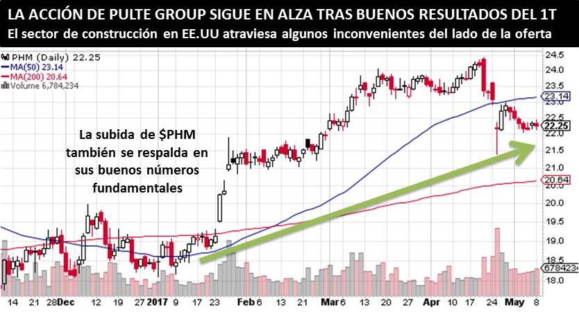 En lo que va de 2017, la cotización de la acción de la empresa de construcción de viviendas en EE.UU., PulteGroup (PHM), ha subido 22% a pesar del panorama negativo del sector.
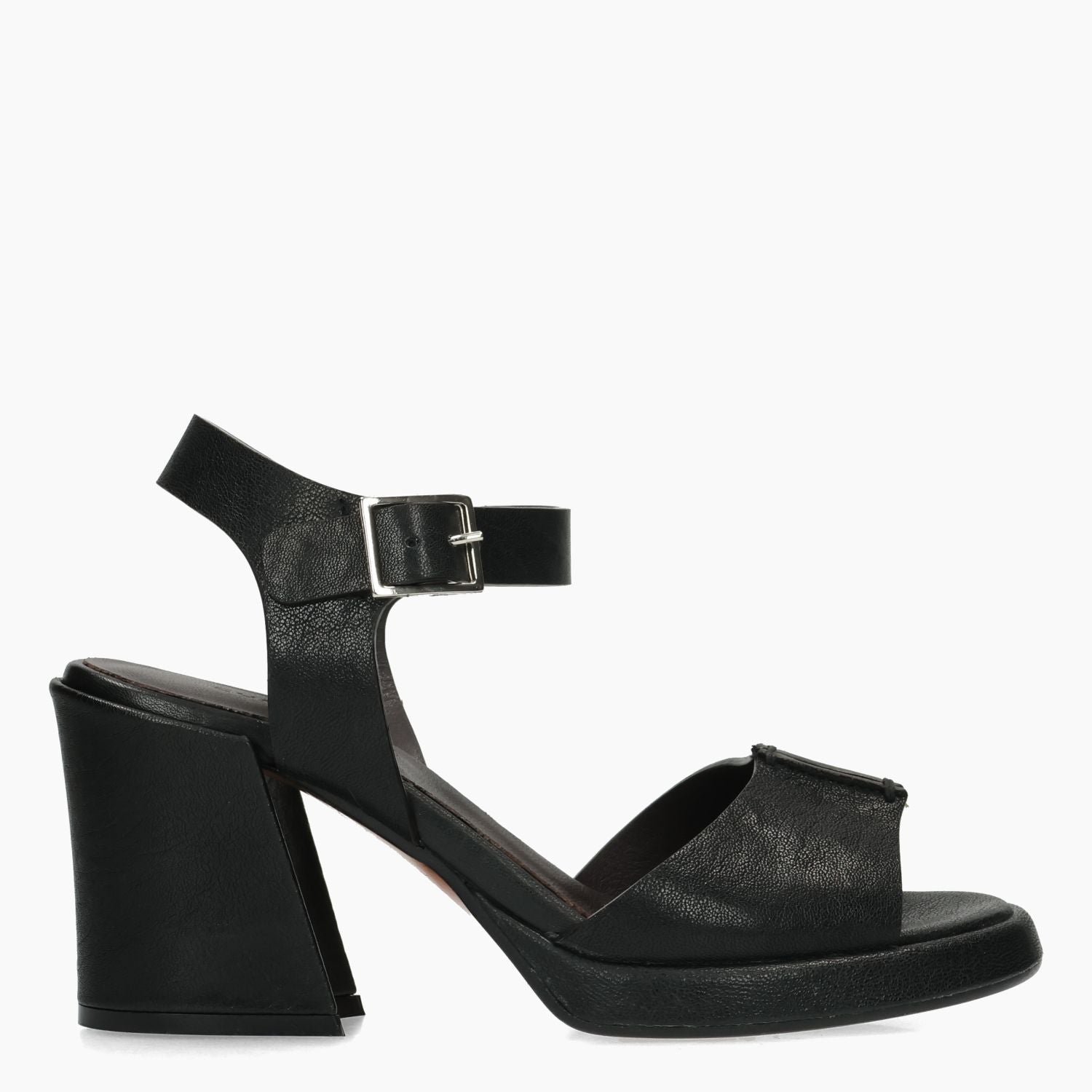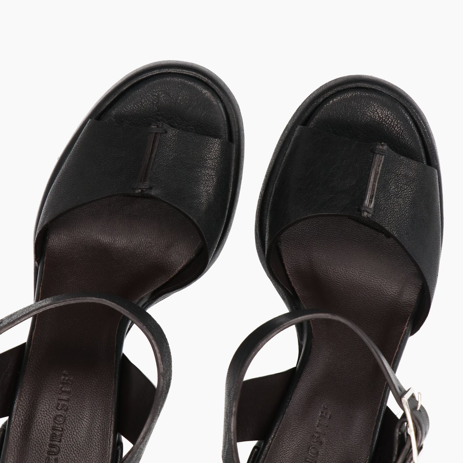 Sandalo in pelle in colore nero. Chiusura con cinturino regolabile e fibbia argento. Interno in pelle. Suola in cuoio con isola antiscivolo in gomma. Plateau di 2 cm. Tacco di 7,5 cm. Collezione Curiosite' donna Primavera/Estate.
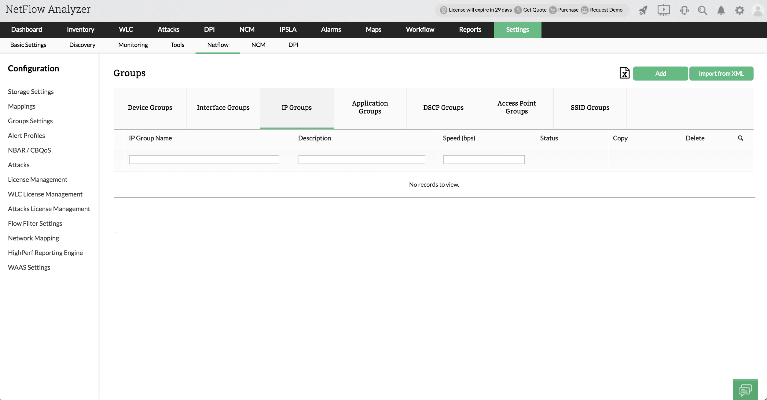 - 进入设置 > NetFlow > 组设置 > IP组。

○ ○ ○ ○ ○ ○ ○

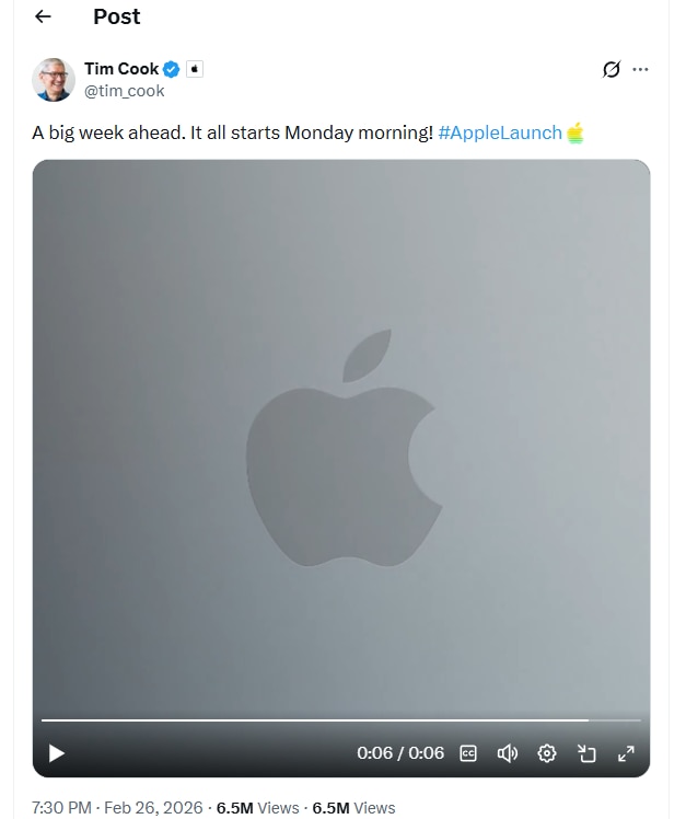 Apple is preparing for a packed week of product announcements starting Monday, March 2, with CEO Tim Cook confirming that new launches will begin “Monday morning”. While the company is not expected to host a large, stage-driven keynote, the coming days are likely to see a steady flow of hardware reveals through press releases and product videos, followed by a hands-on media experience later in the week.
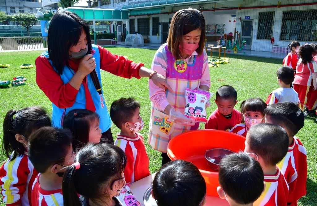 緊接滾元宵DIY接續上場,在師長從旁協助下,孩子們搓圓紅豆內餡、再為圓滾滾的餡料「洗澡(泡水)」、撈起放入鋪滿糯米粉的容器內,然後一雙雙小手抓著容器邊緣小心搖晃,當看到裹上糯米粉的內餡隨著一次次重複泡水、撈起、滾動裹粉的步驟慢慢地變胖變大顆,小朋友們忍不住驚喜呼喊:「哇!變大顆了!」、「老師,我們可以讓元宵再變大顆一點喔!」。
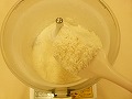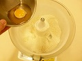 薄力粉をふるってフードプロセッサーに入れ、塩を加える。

○ ○ ○ ○ ○ ○ ○

HOW TO COMPLETE THIS TASK: Drop the pictures; return the lines above from the line containing "Sandalo in pelle" to the line containing "- 进入设置 > NetFlow > 组设置 > IP组。", both included, exactly.

ANSWER AREA:
 Sandalo in pelle in colore nero. Chiusura con cinturino regolabile e fibbia argento. Interno in pelle. Suola in cuoio con isola antiscivolo in gomma. Plateau di 2 cm. Tacco di 7,5 cm. Collezione Curiosite' donna Primavera/Estate.
 - 进入设置 > NetFlow > 组设置 > IP组。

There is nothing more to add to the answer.